P (E) = P (E | A_{1}) P (A_{1}) + P (E | A_{2}) P (A_{2}) + \dots + P (E | A_{n}) P (A_{n})

A compound experiment.

Five cards are numbered one through five. A two-step selection procedure is carried out as follows.

Three cards are selected without replacement, on an equally likely basis.
- If card 1 is drawn, the other two are put in a box
- If card 1 is not drawn, all three are put in a box
One of cards in the box is drawn on an equally likely basis (from either two or three)

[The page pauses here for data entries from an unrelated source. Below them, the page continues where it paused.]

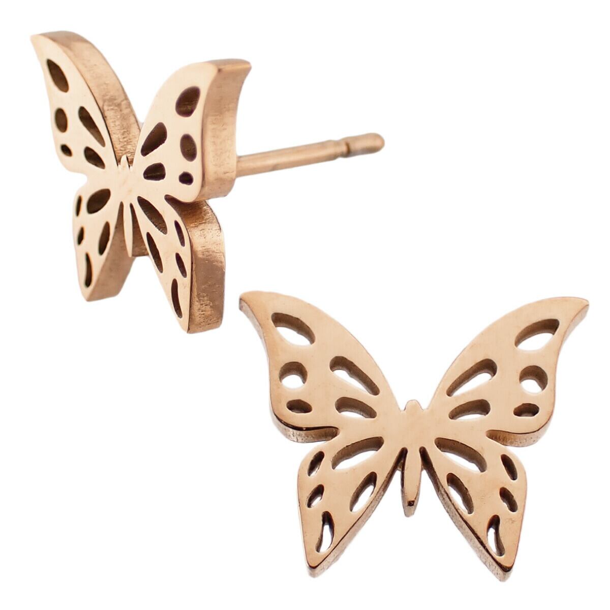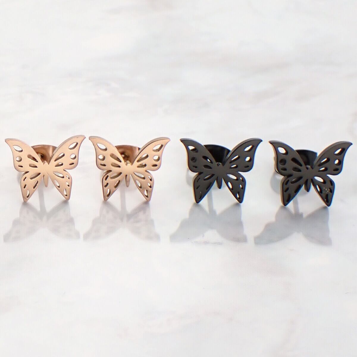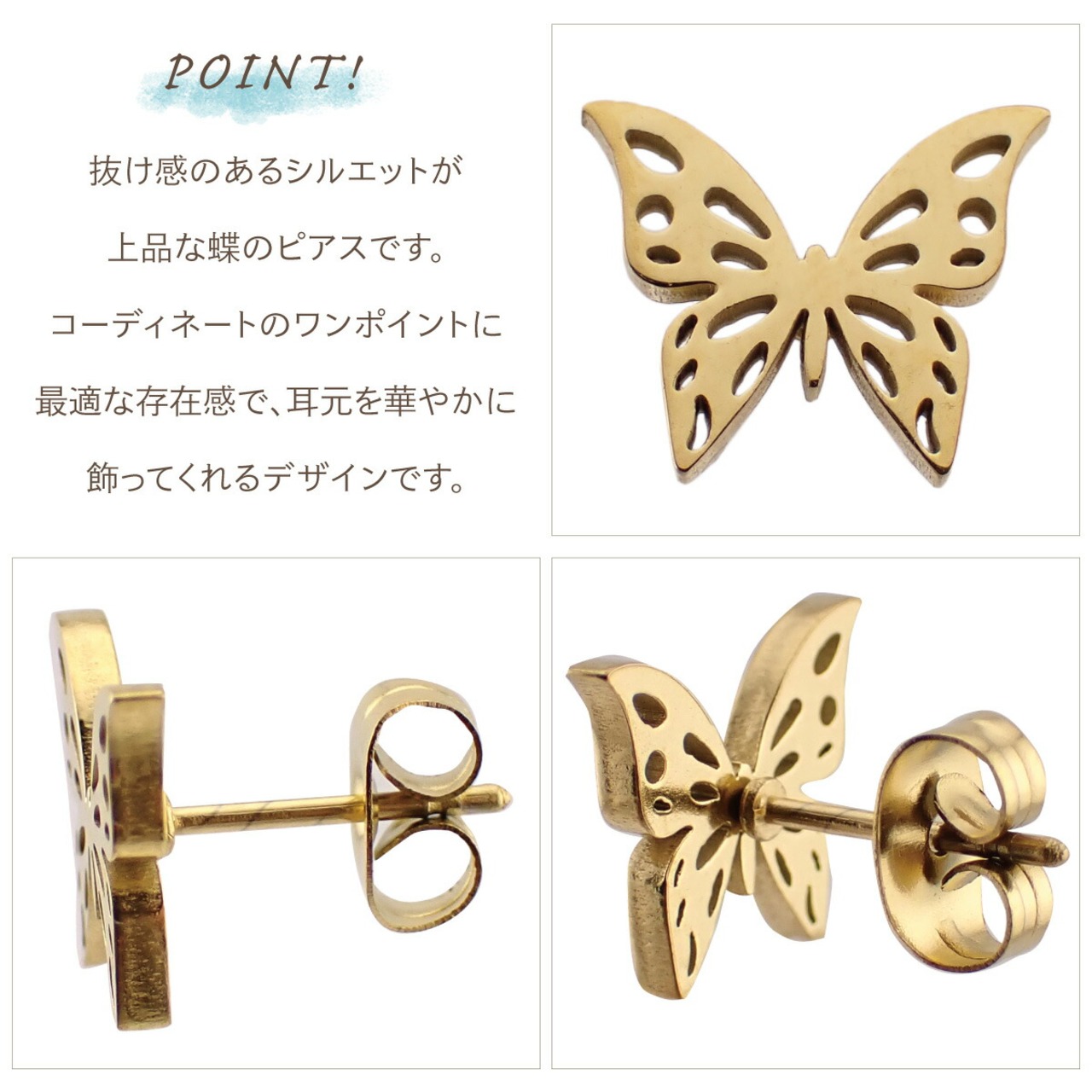 ピアス つけっぱなし レディース サージカルステンレス製 蝶 バタフライ ちょうちょ 蝶々 シンプル シルエット お肌に優しい 金属アレルギー対応 金アレ 上品 かわいい 大人可愛い 誕生日 記念日 プレゼント ギフト メール便送料無料
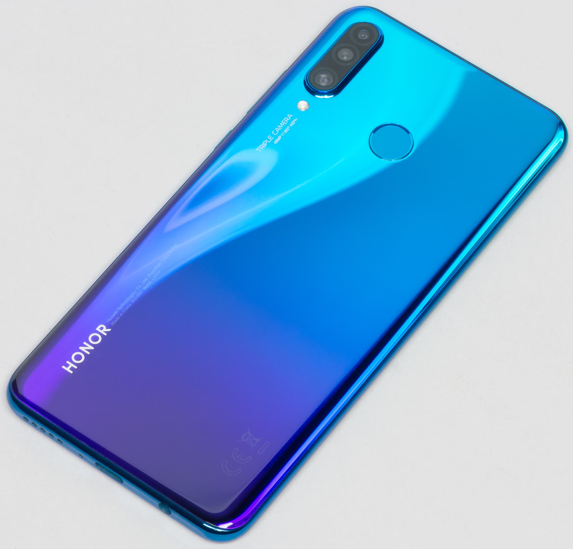Honor 20S предлагается в России в трех цветах: полночный черный, ледяной белый и градиентный сине-фиолетовый. Защиты от пыли и влаги корпус смартфона не получил.
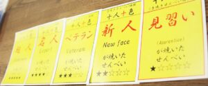 焼き体験が終わったら、焼き上がったせんべいを受付へ持って行きます。生地がどれだけ大きく、丸く焼いたかによって、スタッフが以下の評価を下します。
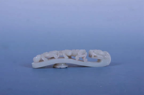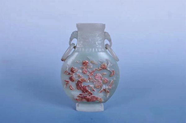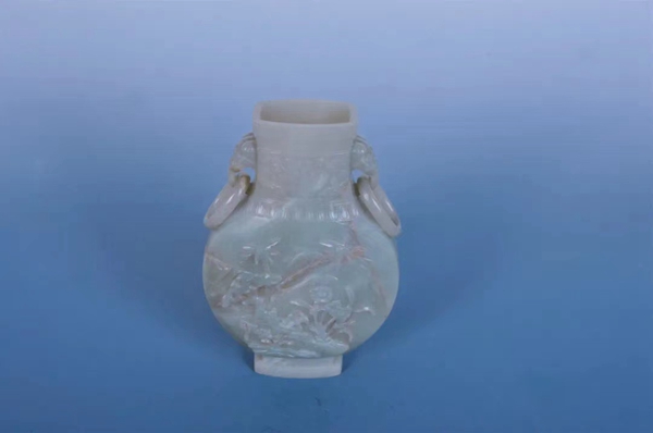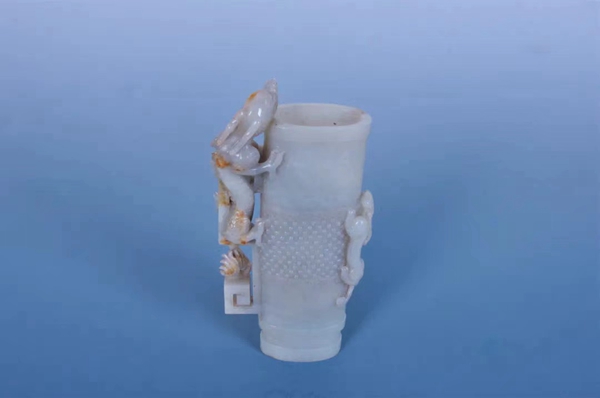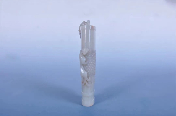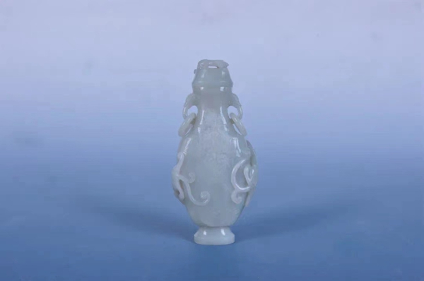 ▲清 雕蟠龙蚩虎白玉圆瓶
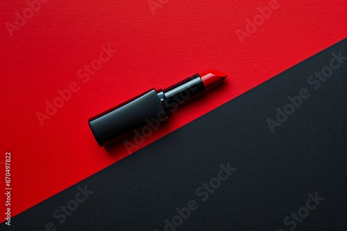 Fototapeta premium Elegant red lipstick on a dual-toned background
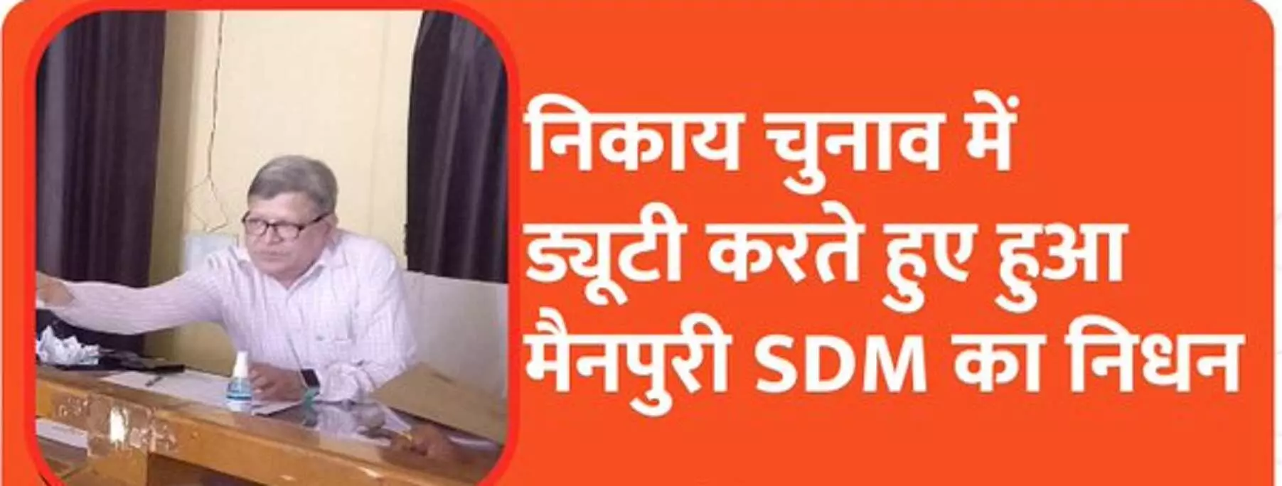 मैनपुरी जिले में तैनात उप जिलाधिकारी वीरेंद्र कुमार मित्तल की चुनाव डयूटी के दौरान मौत हो गई। निधन का कारण हार्ट अटैक को बताया जा रहा है। नगर पंचायत ज्योंति नगर खुढिया के एसडीएम वीरेंद्र कुमार मित्तल को चुनाव अधिकारी बनाया गया था। कलेक्ट्रेट पर अतिरिक्त डिप्टी कलेक्टर पद पर तैनात थे।
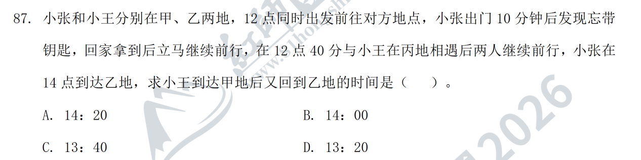 2026藍(lán)軍卷五第87題(都是相遇追及問題,都可以用正反比求解,解題方法差不多)
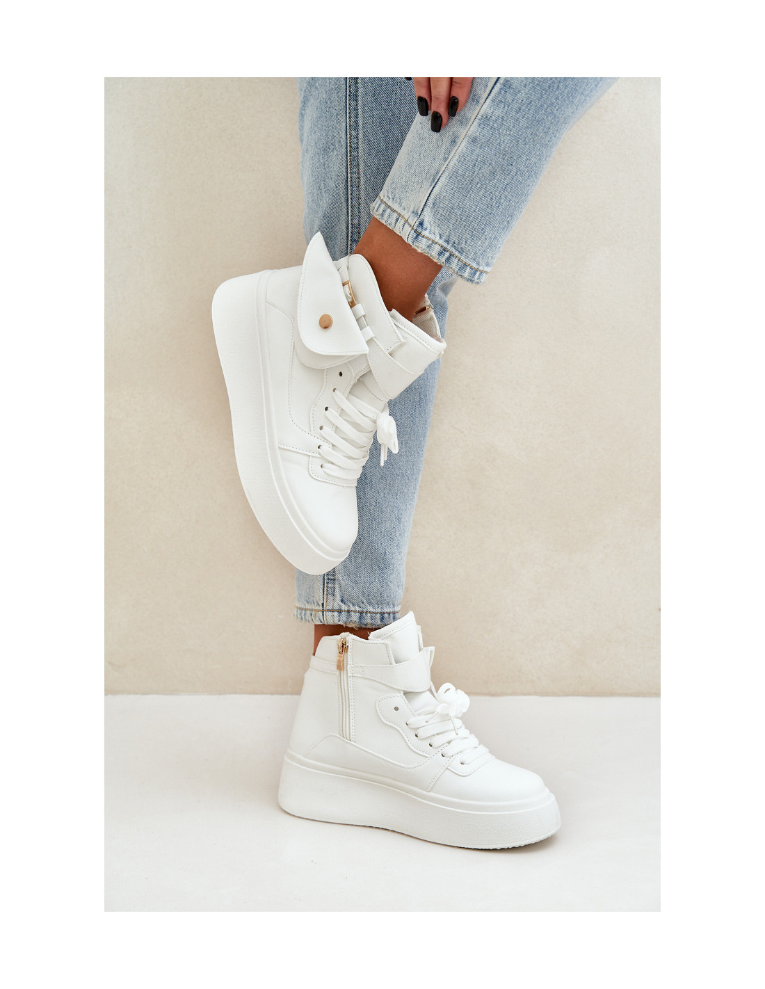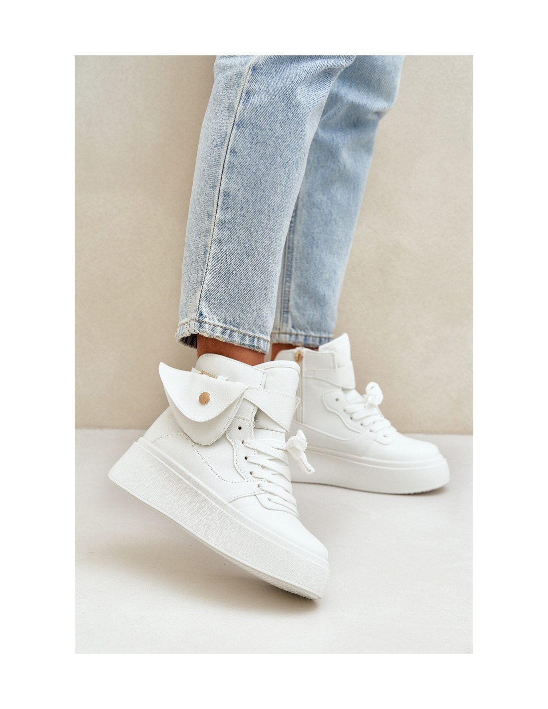 Moteriški aukšti sportbačiai iš aukštos kokybės eko odos – modernaus stiliaus ir patogumo derinys. Ant masyvios platformos jie suteikia komfortą ir papildomą amortizaciją. Viršutinė dalis buvo praturtinta mažu, nuimamu maišeliu, suteikiančiu originalumo. Modelis išsiskiria suapvalintais pirštais ir klasikiniais raišteliais, kurie leidžia puikiai priglusti prie pėdos. Sportbačiai yra puikus miesto stiliaus elementas, suteikiantis madingą gatvės aprangos išvaizdą. Puikus pasirinkimas moterims, kurios vertina funkcionalumą ir unikalų dizainą! Renkantis dydį, vadovaukitės dydžių lentele.
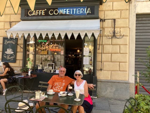 Rhonda dragged Greg and Jude to the Cafe Bicherin so she could have her traditional Torino drink. A combination of coffee and chocolate with cream on the top. Rather decadent but when in Torino….The first bicherin was made in the cafe and the place dates back to 1763.
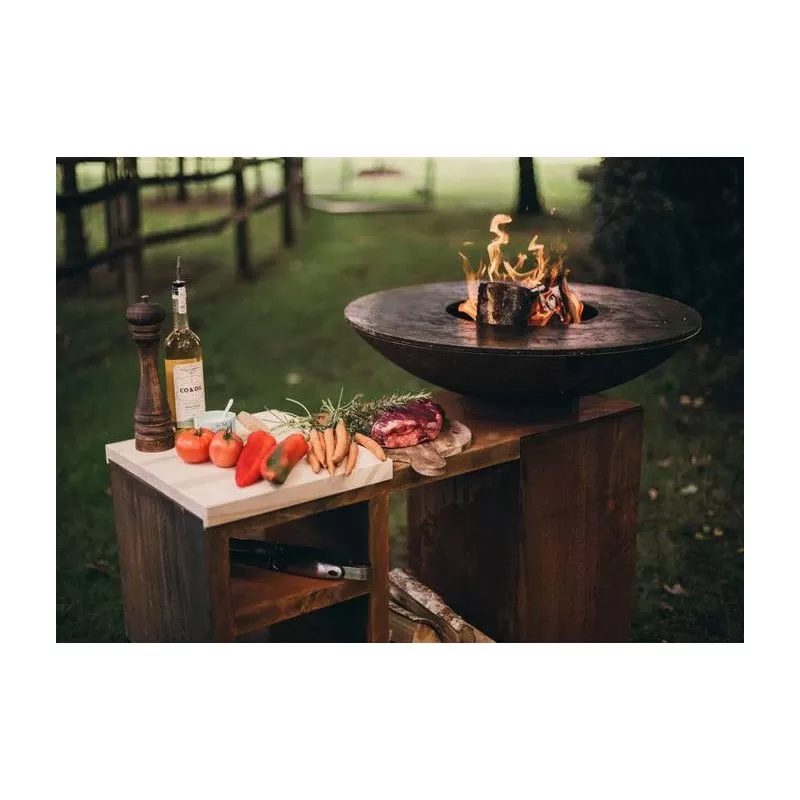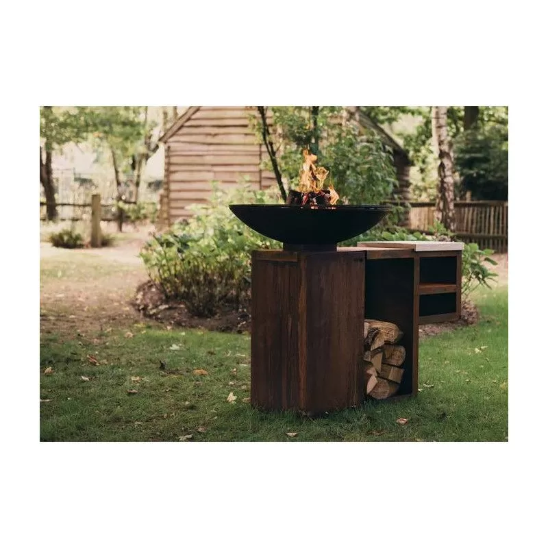 Cet accessoire est prévu pour accueillir une plancha C 80 ou C 100. Un billot en bois vous permet de préparer les viandes et ingrédients à cuisiner. Un grand casier permet de stocker du combustible. Fabriqué en acier corten, il est résistant aux intempéries .
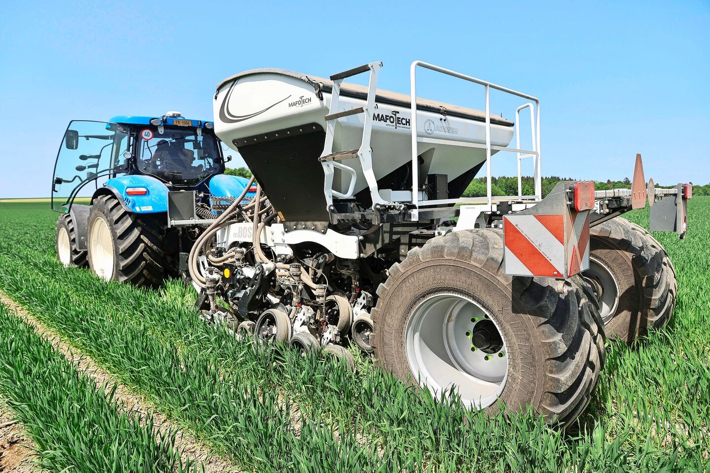 Mittels Direktsaat wurden nach vier Reihen Zuckerrüben jeweils zwei Reihen Körnermais gesät. Der Mais hat dank der hohen Bodentemperatur bereits fünf Tage nach der Saat gekeimt. Im Staffelkulturanbau ist die Düngung etwas anspruchsvoller, gerade wenn zwei Kulturen mit stark unterschiedlichen Düngungsanforderungen auf der Parzelle stehen, wie Körnermais und Zuckerrüben.

Let A _i be the event the i th card is drawn on the first selection and let B _i be the event the card numbered i is drawn on the second selection (from the box). Determine $P (B_{5})$ , $P (A_{1} B_{5})$ , and $P (A_{1} | B_{5})$ .

SOLUTION

From [link] , we have $P (A_{i}) = 6 / 10$ and $P (A_{i} A_{j}) = 3 / 10$ . This implies

P (A_{i} A_{j}^{c}) = P (A_{i}) - P (A_{i} A_{j}) = 3 / 10

Now we can draw card five on the second selection only if it is selected on the first drawing, so that $B_{5} \subset A_{5}$ . Also $A_{5} = A_{1} A_{5} ⋁ A_{1}^{c} A_{5}$ . We therefore have $B_{5} = B_{5} A_{5} = B_{5} A_{1} A_{5} ⋁ B_{5} A_{1}^{c} A_{5}$ . By the law of total probability (CP2) ,

P (B_{5}) = P (B_{5} | A_{1} A_{5}) P (A_{1} A_{5}) + P (B_{5} | A_{1}^{c} A_{5}) P (A_{1}^{c} A_{5}) = \frac{1}{2} \cdot \frac{3}{10} + \frac{1}{3} \cdot \frac{3}{10} = \frac{1}{4}

Also, since $A_{1} B_{5} = A_{1} A_{5} B_{5}$ ,

P (A_{1} B_{5}) = P (A_{1} A_{5} B_{5}) = P (A_{1} A_{5}) P (B_{5} | A_{1} A_{5}) = \frac{3}{10} \cdot \frac{1}{2} = \frac{3}{20}

We thus have

P (A_{1} | B_{5}) = \frac{3 / 20}{5 / 20} = \frac{6}{10} = P (A_{1})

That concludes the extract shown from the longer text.